Slated for a September 2026 launch, the consortium of partners who will pioneer this initiative includes a core group from the Australian Research Council Centre of Excellence in Plants for Space (P4S), headquartered at the University of Adelaide.

The project is led by Space Lab Technologies and involves the University of Adelaide, La Trobe University, and NASA Kennedy Space Center, all P4S partners, as well as the United States Department of Agriculture, University of Colorado Boulder, and Purdue University, with additional analysis to be conducted by the P4S node at the University of Western Australia.

“This research will be a pivotal step toward understanding how we might use agriculture in space to support human crews, paving the way for sustained lunar exploration and even missions to Mars,” said Project Lead and Space Lab Vice President, Christine Escobar.

Associate Professor of Plant Synthetic Biology at the University of Adelaide and P4S Chief Investigator, Jenny Mortimer, said the mission will tell us how plants respond in an off-Earth environment, and how well we can build a robust, fully contained environment that allows them to thrive.

“The data we capture from the mission, both from the lunar surface and what we learn when we analyse the samples upon return, will help us to design the lunar and Martian crops of the future,” Associate Professor Mortimer said.

Professor Mathew Lewsey, of P4S and the La Trobe Institute for Sustainable Agriculture and Food, said the LEAF investigation would provide information about how plants could grow in extreme conditions.
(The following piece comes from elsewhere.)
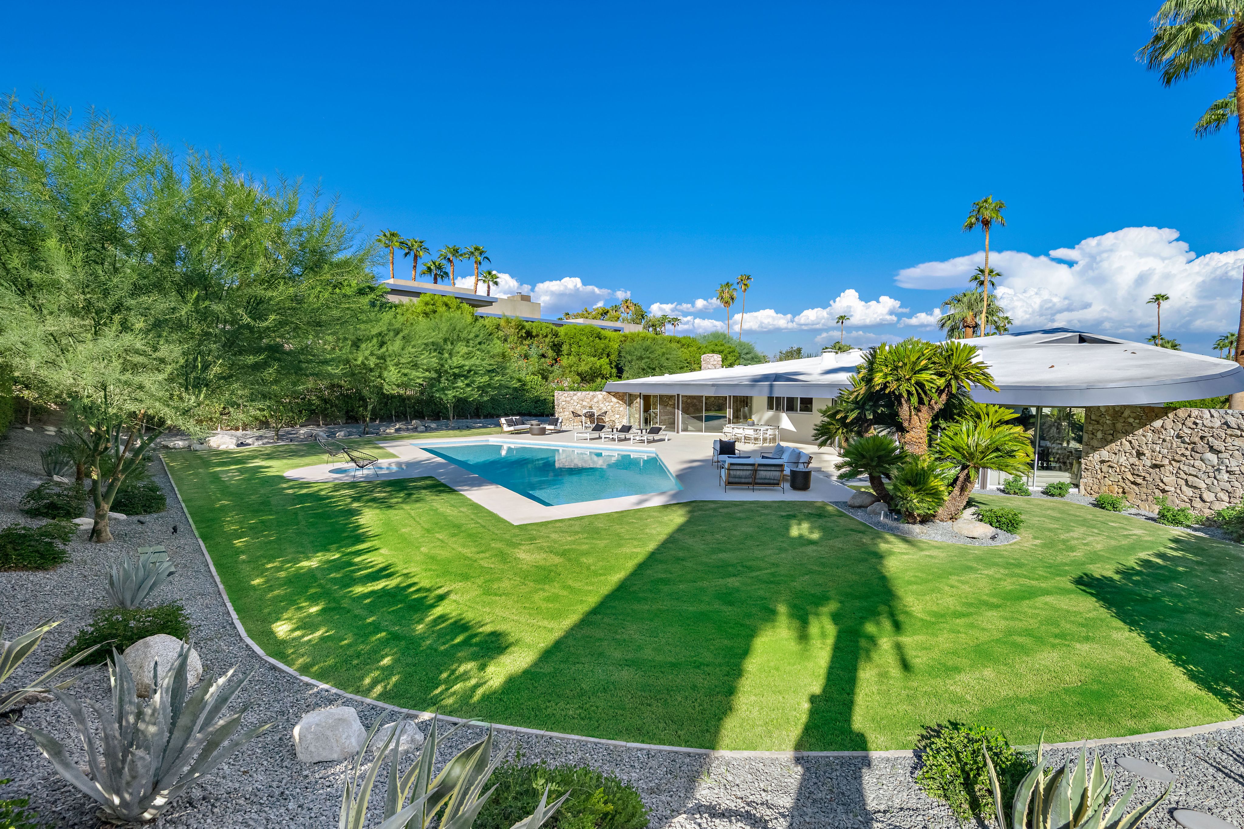 The home has recently been renovated and the public was given a first chance to explore its renewed lustre during last month’s Modernism Week. An important example of mid-century modern design, it was completed in 1960, immediately capturing attention with its curvilinear form and futuristic-looking features. An indoor kitchen grill and wall-mounted radios also set it apart.

“The seeds we send to the Moon will germinate in an enclosed capsule, which we will be monitoring through a remote camera,” Professor Lewsey said.

“Our team of scientists will collect data on the plants as they grow on the moon, monitoring their size and morphology, then conduct genetic and metabolic analyses of individual cells when the plants return to Earth.
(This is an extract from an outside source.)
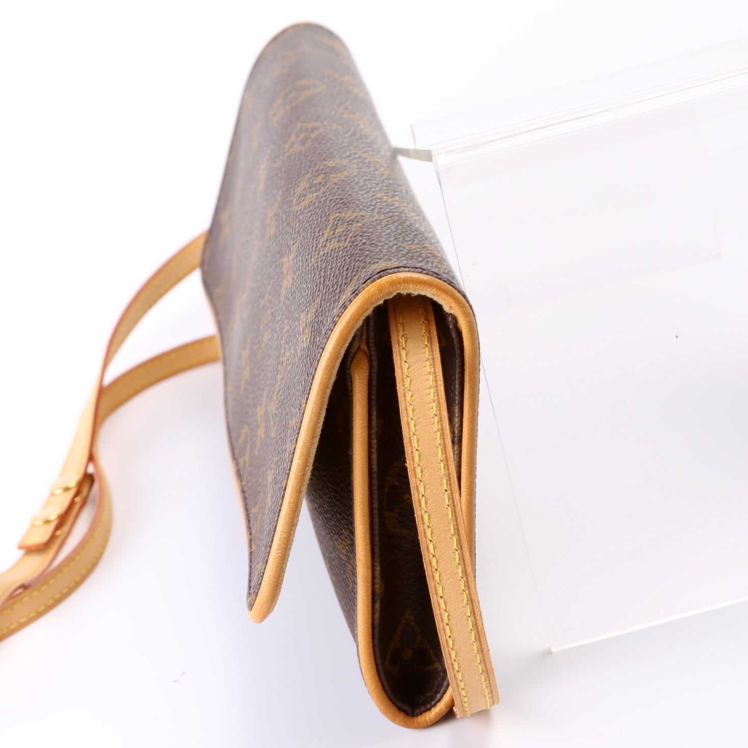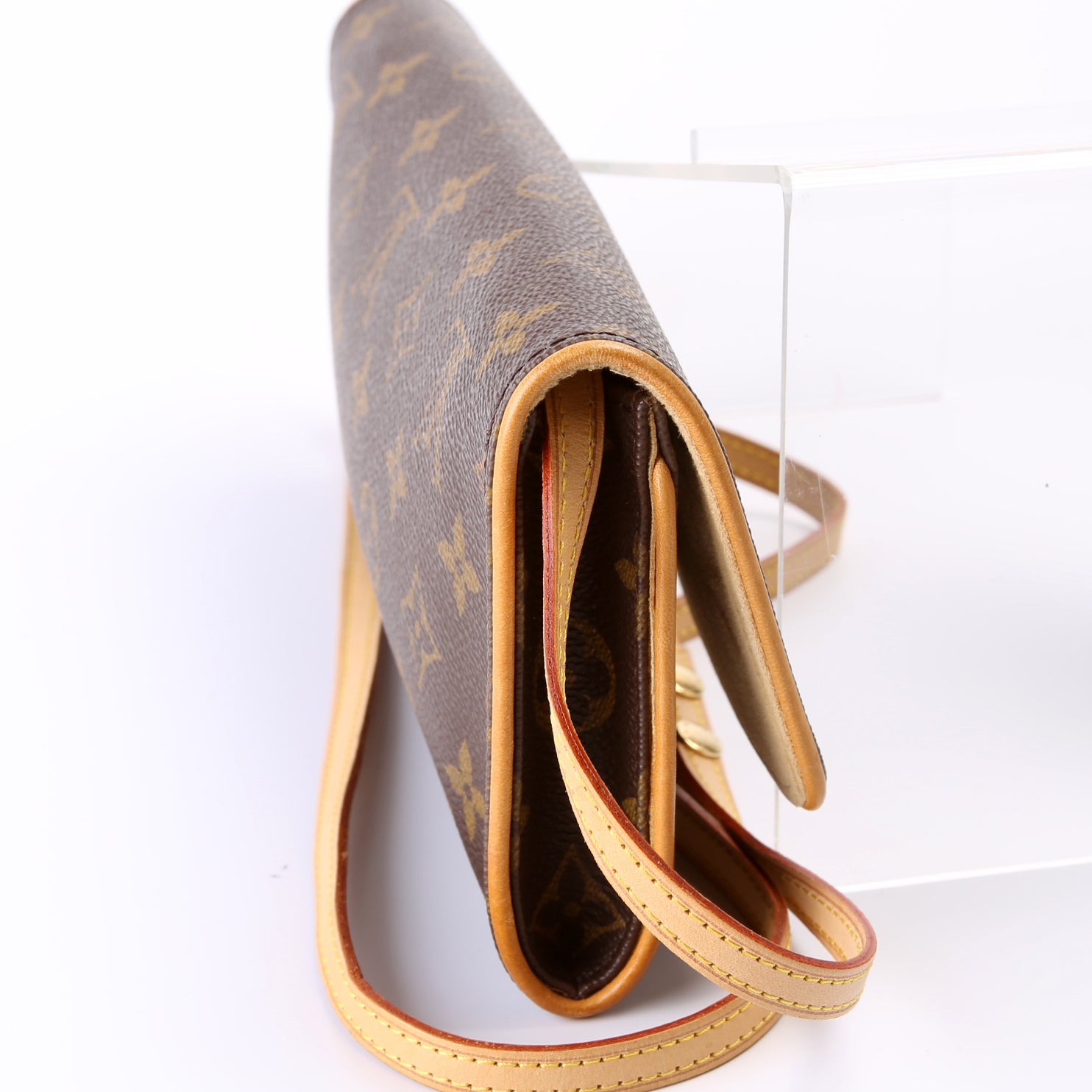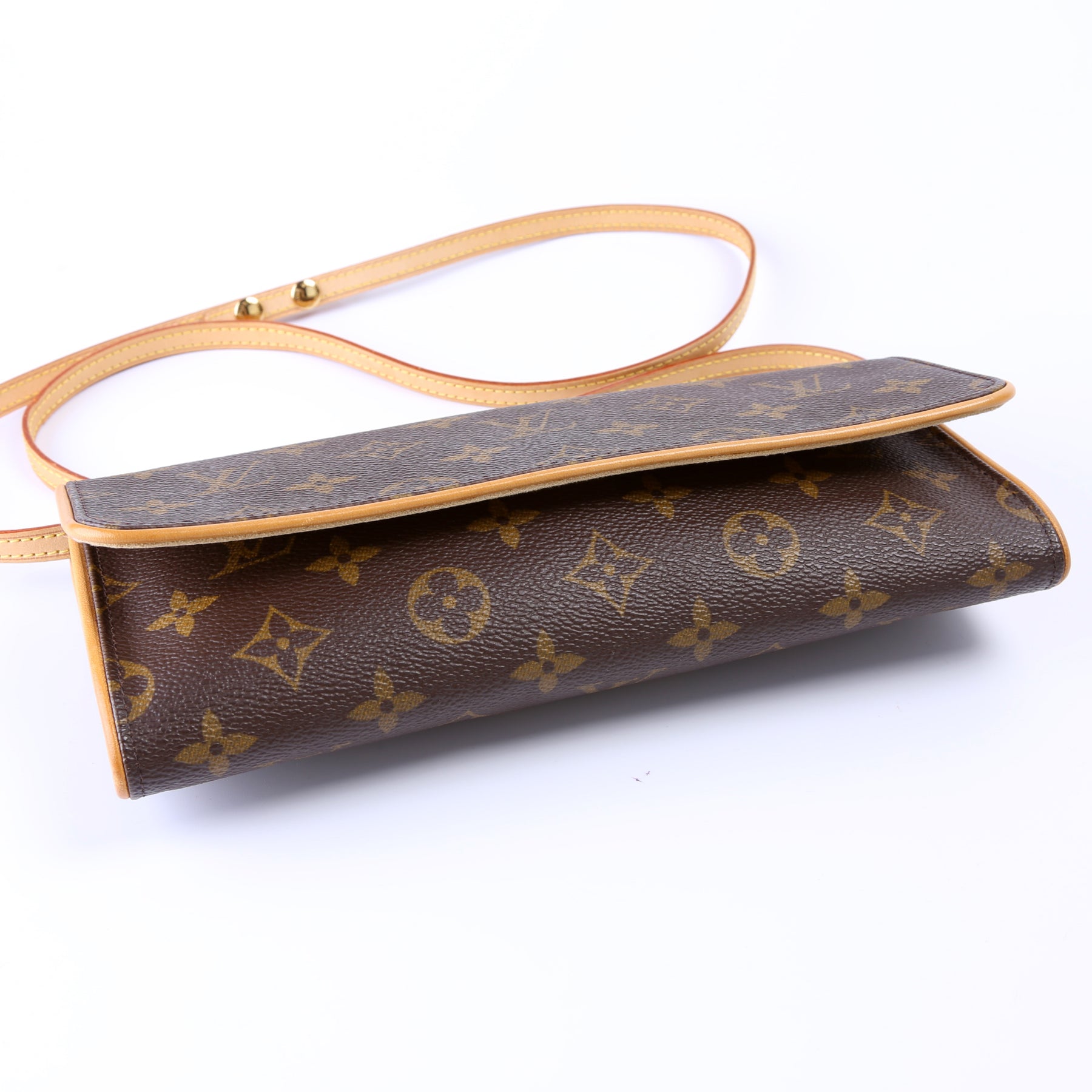 This pre-owned Louis Vuitton Pochette Twin GM is guaranteed 100% authentic. The exterior is in the classic Louis Vuitton Monogram coated canvas.

“We can then apply this knowledge to improve plant resilience to radiation and other environmental challenges.”

The LEAF experiment includes a plant growth chamber with an isolated atmosphere, housing red and green varieties of Brassica rapa (Wisconsin Fast Plants®), Wolffia (duckweed), and Arabidopsis thaliana.

Experiments undertaken as part of the LEAF program will progress P4S goals to develop novel plant-based foods and biomanufacturing technologies that assist humans to explore deeper into space than ever before, while also advancing on-Earth sustainability and efficiency.

“LEAF has been made possible by bringing together world-leading skillsets in engineering, plant science, molecular analysis, and space logistics – it is a perfect representation of what P4S is here to do, to assist in delivering a new frontier for humanity,” said P4S Director and University of Adelaide Professor, Matthew Gilliham.

“The learnings and technologies we gain by growing plants in a completely closed loop, as we must do in space, will provide new options for improving sustainable plant production and processing here on Earth.”

Head of the Australian Space Agency, Enrico Palermo, said the selection of Plants for Space involvement in Artemis is a major vote of confidence in Australia’s space sector.

“This is another example of the cutting-edge space research and innovation happening in Australia, and the demand there is for us to contribute to generation-defining international missions,” Mr Palermo said.

“Importantly too, the technologies and practices developed as part of Plants for Space will improve life on Earth and benefit all Australians by addressing challenges like food security and water scarcity.”

LEAF is one of three science instruments so far announced selected for development for deployment on the Moon’s surface as part of NASA’s Artemis III mission, all of which will be set up near the lunar South Pole.

The other two are a Lunar Environment Monitoring Station, a compact, autonomous seismometer suite designed to carry out continuous, long-term monitoring of ‘moonquakes’; and the Lunar Dielectric Analyzer, which will measure the regolith’s ability to propagate an electric field, a key parameter in the search for lunar volatiles, especially ice.